Here is my Java code:

import java.util.HashSet;
public class Generators {
static HashSet<Integer> hSet = new HashSet<Integer>();

public static void main(String[] args) {
    // TODO Auto-generated method stub
    int n = 100000000; 
    sieveErat(n + 1); //Fill a hashSet with prime numbers
    System.out.println("Sieve complete");
    int check = 0; 
    
    long sum = 3;
    
    
    for(int i = 2; i <= n; i++){
        int numDivisors = 0; 
        int numPrimeChecks = 0; 
        boolean done = false;
        if(!hSet.contains(i+1)){ //i+1 must be a prime number for i to be prime generating
            continue;
        }
        else{
            for(int j = 2; j < i/2; j++){
                if(i%j == 0){
                    numDivisors++;
                check = j + i/j;
                if(hSet.contains(check)){
                    done = true;
                    numPrimeChecks++;
                }
            }else{
                break;
            }           
        
    }
            if(numPrimeChecks == numDivisors && done){
                
                sum += i; 
            }
        }
    
    }
    System.out.println(sum);
}

public static void sieveErat(int N){
boolean[] isPrime = new boolean[N + 1];
    
    for (int i = 2; i <= N; i++) {
        isPrime[i] = true;
        //count++;
    }
    // mark non-primes <= N using Sieve of Eratosthenes
    
    for (int i = 2; i*i <= N; i++) {

        // if i is prime, then mark multiples of i as nonprime
        // suffices to consider mutiples i, i+1, ..., N/i
        if (isPrime[i]) {
            for (int j = i; i*j <= N; j++) {
                isPrime[i*j] = false;
            //    count--;
            }
        }
        
    }
   
   
    for(int i = 2; i < isPrime.length; i++){
        if(isPrime[i]){
            hSet.add(i);
        }
    }
   // System.out.println(count);

  
   
}
}

The maths of your sieve looks fine to me. I hacked it around to use a BitSet which is much more space efficient. Is 5761455 primes below 100,000,000 correct?
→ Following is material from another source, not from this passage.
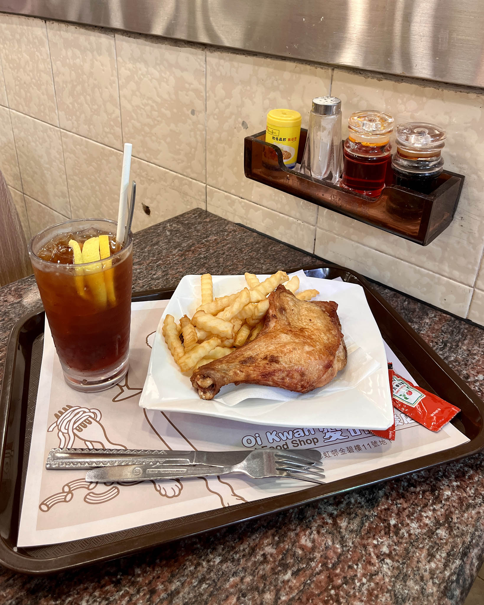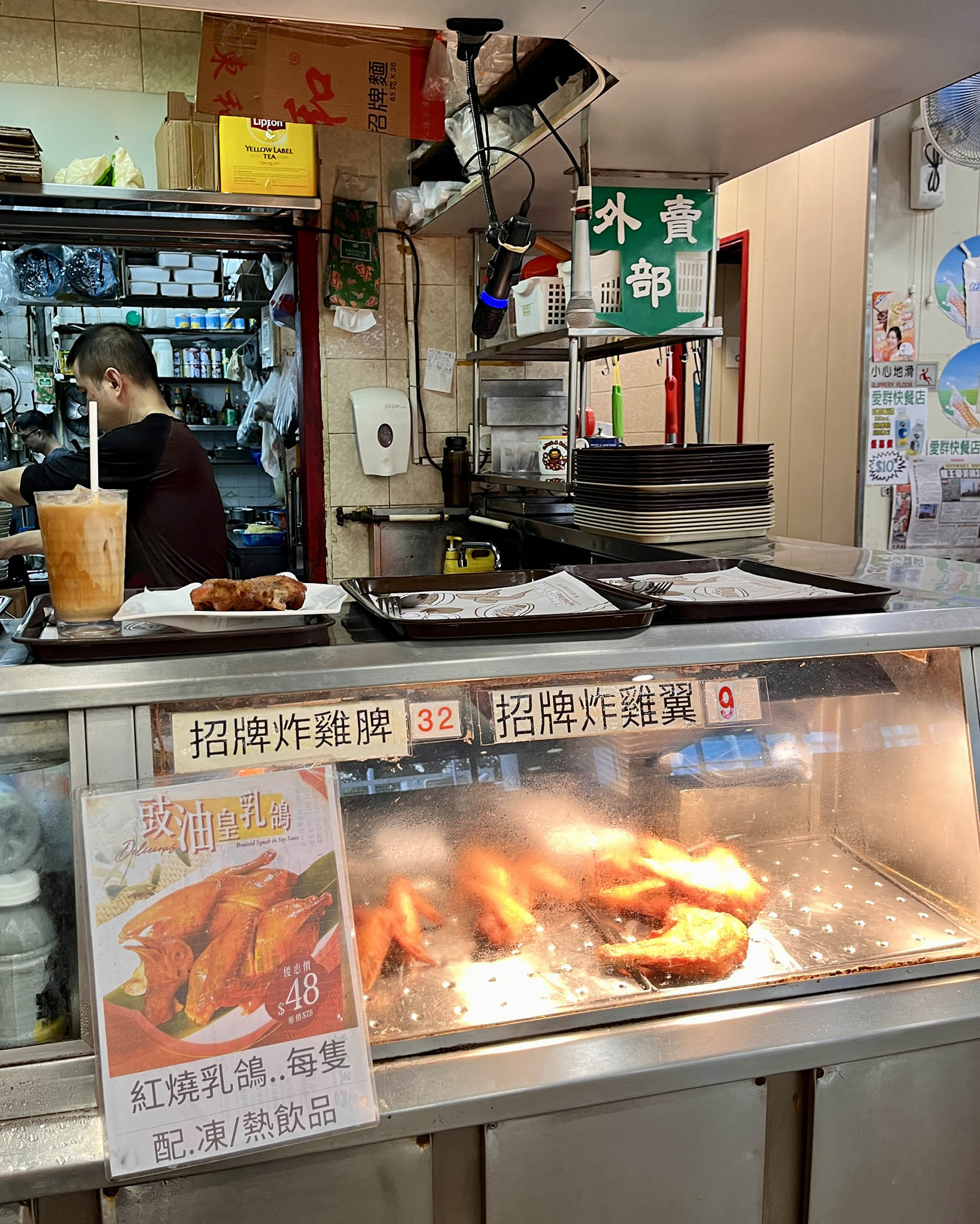 餐牌上除了常見的「碟頭飯」,有別於以午市為主的商業區,這裡也有供應糖水及晚市限定的小菜套餐。數到愛群快餐店的招牌菜式,無疑是炸雞髀及炸雞翼——酥脆的外皮,內裡柔軟多汁。要做到外脆內軟,除了食材,也考驗廚師功夫。炸雞髀及炸雞翼均為常客所喜愛,更有饕客慕名而來。近期亦有很多市民趁快餐店將隨著彩虹邨拆卸而結業之前,前來回味港式快餐的味道。

Once I got your code working I got the same figure you get (12094504411075) what figure should you be getting?

I think this bit is wrong (I have changed the variable names to match the question for clarity)

    for(int d = 2; d < Math.sqrt(n+3); d++) {
      if (n % d == 0) {
        numDivisors++;
        int check = d + n / d;
        if (primes.get(check)) {
          // **** What does done mean??? ****
          //done = true;
          numPrimeChecks++;
        } else {
          // **** Added! Got a divisor that did not check. No point in going on.
          break;
        }
      } else {
        // **** Why break here??? ****
        //break;
      }

    }

NB I have edited this code to reflect what we finally decided was a correct solution.

Why are you breaking out of the d loop as soon as you hit a d that does not divide n? Surely that cannot be right.

However, I think you can break out of the d loop when you have a divisor that does not check.

Also, what is your intended functionality of done? It seems to have no real function.

And, why do you start sum at 3?

Removing the break I now get the value 1739023853139. Is this correct?

Added

Here's my sieve. Identical to yours but builds a BitSet which is a much more efficient structure than a HashSet in this case:

public static BitSet sieveOfEratosthenes(int n) {
  BitSet isPrime = new BitSet(n);

  // Iniially all numbers are prime.
  for (int i = 2; i <= n; i++) {
    isPrime.set(i);
  }

  // mark non-primes <= N using Sieve of Eratosthenes
  for (int i = 2; i * i <= n; i++) {

    // if i is prime, then mark multiples of i as nonprime
    // suffices to consider mutiples i, i+1, ..., N/i
    if (isPrime.get(i)) {
      for (int j = i; i * j <= n; j++) {
          isPrime.clear(i * j);
      }
    }

  }

  //System.out.println("Found " + isPrime.cardinality() + " primes");
  return isPrime;
}